Newsweek Profiles Jindal

(photo: CNS/Reuters)

In a new article about Louisiana’s Republican Gov. Bobby Jindal, Newsweek characterizes him as the GOP’s “Own Obama.”

That could be accurate, if one focuses primarily on the fact that like the president-elect, Jindal is young, articulate and a member of a minority.

But if the focus is on where the pair stand on life issues, the Catholic Jindal can be more accurately described as the anti-Obama.

The Newsweek article reports on the political buzz that Jindal, 37, is a leading candidate for the Republican nomination in 2012. Jindal insists he won’t run and instead will concentrate on winning reelection as Louisiana governor in 2011, an assurance Newsweek concludes is probably authentic.

But further down the road, Newsweek predicts, a presidential run could be a real possibility, given that Jindal is generating the same kind of enthusiasm among GOP leaders and Republican rank and file as Obama did among Democrats after his election to the U.S. Senate in 2004.

“Former House Speaker Newt Gingrich recently called him ‘the most transformative young governor in America,’” Newsweek reports. “Radio host Rush Limbaugh refers to him as ‘the next Ronald Reagan.’ John McCain eyed Jindal as a running mate, and Steve Schmidt, McCain’s chief strategist, told The Washington Post in November that ‘the question is not whether he’ll be president, but when he’ll be president — because he will be elected someday.’”

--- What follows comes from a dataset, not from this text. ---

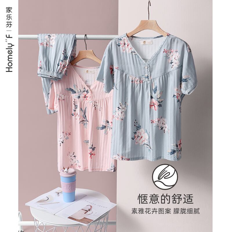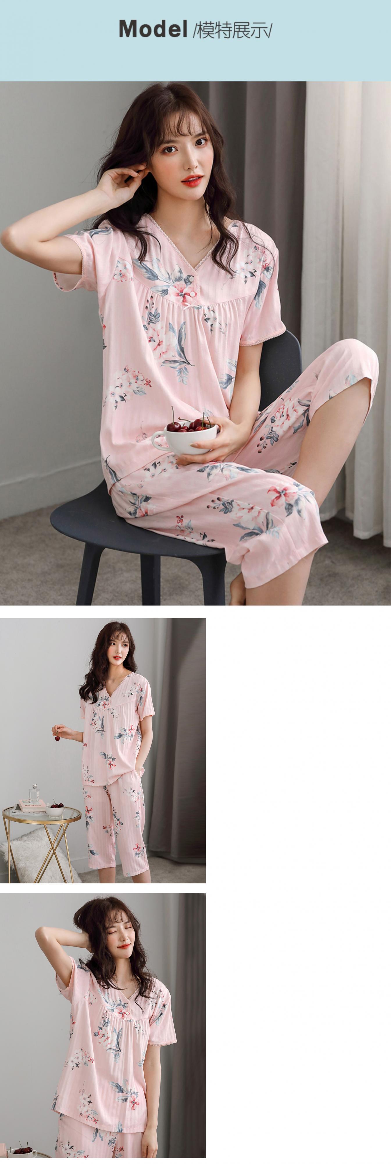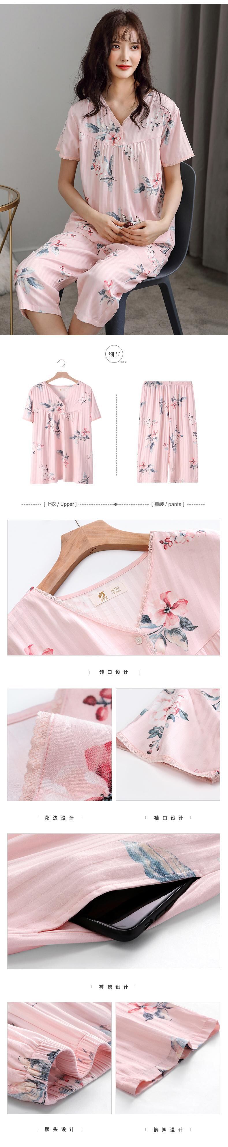 パジャマレディースサマーコットン半袖クロップドパンツホームサービスサマーシンコットンウーブンコットンミドルエイジドマザースーツ jial81907977746

But when it comes to abortion, Jindal stands in stark contrast to Obama’s extreme pro-abortion advocacy. Raised a Hindu but introduced to the Bible by an evangelical friend at the age of 12, Jindal ultimately converted to Catholicism as a university student after concluding Protestantism lacks “spiritual cogency.”

And Jindal is no cafeteria Catholic, Newsweek notes. The article dwells at length on the depth of the Louisiana governor’s commitment to his faith, and according to the magazine, “his deeply Catholic views, including a ‘100 percent’ opposition to abortion ‘with no exceptions’ for rape, incest or health of the mother, undoubtedly anger more voters than they attract.”

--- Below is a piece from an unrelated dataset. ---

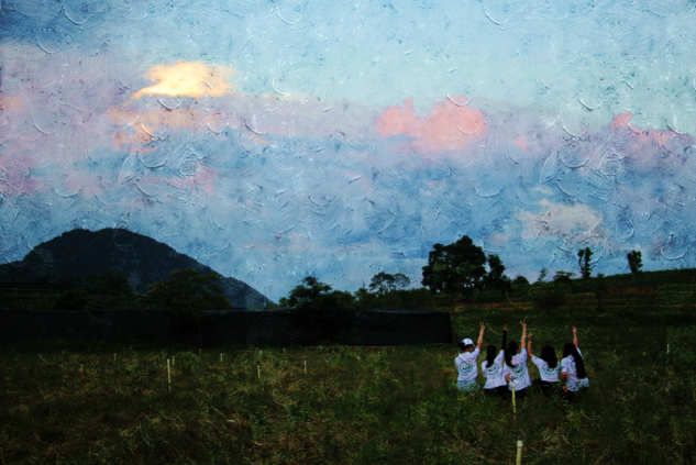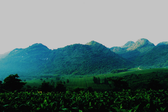 在我们刚刚回到住宿地的时候,太阳早已落下。朦朦胧胧的天空开始被绵绵的云层所渐渐笼罩,渐渐下起了我们来到茶谷的第一场雨。灰暗之中,我们看到了如山水画一般的崇山峻岭。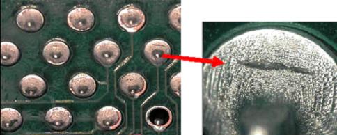 如上所述,若可見破裂底部、收縮孔不與鉛、焊盤或焊壁相接觸,1、2、3類都非缺陷。以下照片是取自Kester實(shí)驗(yàn)室的范例。

Newsweek’s assessment that Jindal’s uncompromising pro-life commitment is a political liability is highly debatable. But there’s no debating Jindal’s fearlessness in supporting Church teachings, whether or not they play well politically or with the national media.

And it’s just about impossible to imagine Obama ever saying something similar to this comment of Jindal’s, as quoted by Newsweek: “If I wanted the aesthetics without the inconvenient morality,” he wrote in 1998, “I could become Episcopalian.”